7. tests/test_instrumentations/test_anthropic/cassettes/test_messages/test_async_anthropic_message_stream_manager.yaml:57

Draft comment:
It looks like the text fragments in the sentence starting with "Why di" (lines 56–58) are mis-split. In particular, the parts "di" and "d the distribute" seem intended to form "did the distributed". Please verify the intended wording.
Reason this comment was not posted:
Decided after close inspection that this draft comment was likely wrong and/or not actionable: usefulness confidence = 10% vs. threshold = 50% This is a test cassette file that records actual API responses from Anthropic's streaming API. The "mis-splitting" the comment refers to is actually the expected behavior of a streaming API - text is sent in chunks as it's generated. The developer didn't write this text or control how it's split; this is recorded data from an actual API call. The comment is asking the developer to "verify the intended wording" but there's nothing to verify or fix here - this is just how the streaming API works. The comment is not about a code change that needs to be made, it's misunderstanding the nature of this test fixture file. Could this be a legitimate concern about test data quality? Maybe the cassette was corrupted during recording and the developer should re-record it? However, the text does form coherent sentences when combined, and this is exactly how streaming APIs work. Even if there were concerns about test data quality, the comment asks to "verify the intended wording" which is not actionable - the developer can't change how the API streams responses. The text is coherent when assembled ("Why did the distributed system..."), so there's no actual issue. This comment doesn't suggest any concrete action. This comment should be deleted. It misunderstands the nature of streaming API responses in test cassettes. The text splitting is expected behavior, not a bug. The comment asks for verification but provides no actionable feedback.

8. tests/test_instrumentations/test_anthropic/cassettes/test_messages/test_async_anthropic_message_stream_manager.yaml:69

Draft comment:
The phrase "bit distribute" appears to be a typographical error. It likely should be "bit distraught".
Reason this comment was not posted:
Decided after close inspection that this draft comment was likely wrong and/or not actionable: usefulness confidence = 0% vs. threshold = 50% This is a cassette file that records actual API responses for testing. The text "bit distribute" + "d!" = "bit distributed!" which is the intended joke punchline about distributed systems. The comment incorrectly assumes this is a typo when it's actually the correct joke. Additionally, this is recorded API response data from Anthropic's API - it's not code that the PR author wrote or can change. The PR author cannot fix typos in API responses. This comment is fundamentally misunderstanding what this file is and is incorrect about the content being a typo. Could the API have actually made a typo and the comment is trying to be helpful? However, even if it were a typo, this is recorded response data from an external API, not something the PR author can or should change in the cassette file. Even if this were a typo (which it isn't - "distributed" is the correct punchline), cassette files record actual API responses and should not be manually edited to "fix" the content of those responses. The comment is both incorrect about the typo and inappropriate for this type of file. This comment should be deleted. It incorrectly identifies "bit distributed" as a typo when it's actually the intended joke punchline. More importantly, this is a test cassette file recording actual API responses, which should not be manually edited to change response content.

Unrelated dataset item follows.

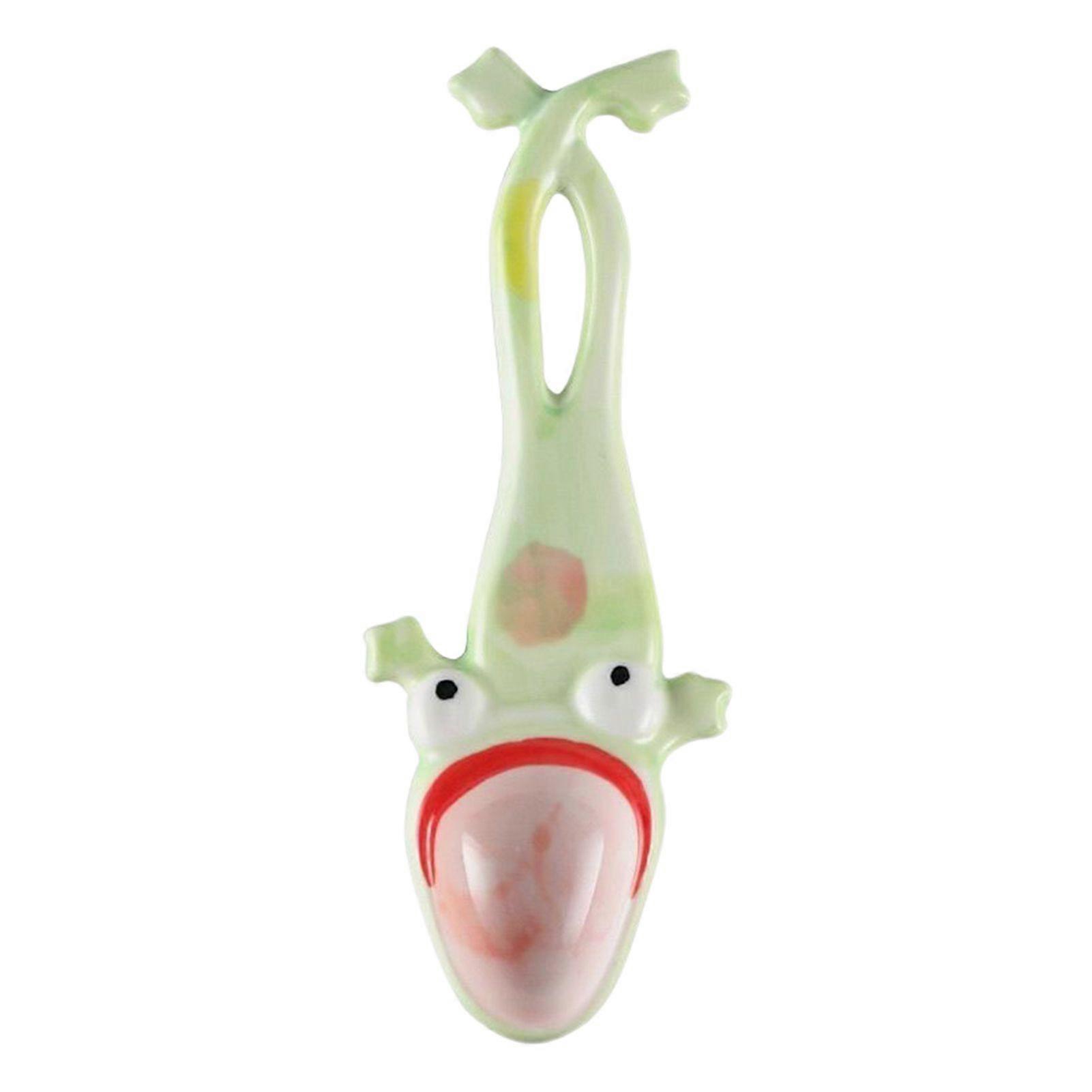 Jikaixiang 1/2Pcs Ugly Big Mouth Frog Ceramic Spoon Long Leg Frog Spoon Mixing Tool Humorous Kitchen Tabletop Accessory

9. tests/test_instrumentations/test_anthropic/cassettes/test_messages/test_async_anthropic_message_stream_manager.yaml:89

Draft comment:
The split text fragments "diagn" and "ose performance" should be combined into the word "diagnose".
Reason this comment was not posted:
Decided after close inspection that this draft comment was likely wrong and/or not actionable: usefulness confidence = 0% vs. threshold = 50% This is a cassette file used for recording/replaying HTTP interactions in tests (likely using VCR or similar). The file shows a streaming response where text is delivered in chunks via server-sent events. The word "diagnose" being split across "diagn" and "ose" is not a bug - it's the actual behavior of the streaming API, where words can be split across multiple delta events. The cassette file is meant to faithfully record what the API returned, not to present clean, combined text. Modifying this would make the test inaccurate. The comment fundamentally misunderstands the purpose of this file. Could this be a generated file that should have some post-processing applied? Maybe there's a normalization step that's expected? However, cassette files are typically meant to be exact recordings of API responses. Even if there were post-processing, cassette files are specifically designed to record the exact API response for replay in tests. Modifying the response would defeat the purpose of having accurate test fixtures. The split text is the actual API behavior being tested. This comment should be deleted. It misunderstands the purpose of cassette files, which are meant to record exact API responses. The split text is the actual streaming behavior from the Anthropic API, not a bug to fix.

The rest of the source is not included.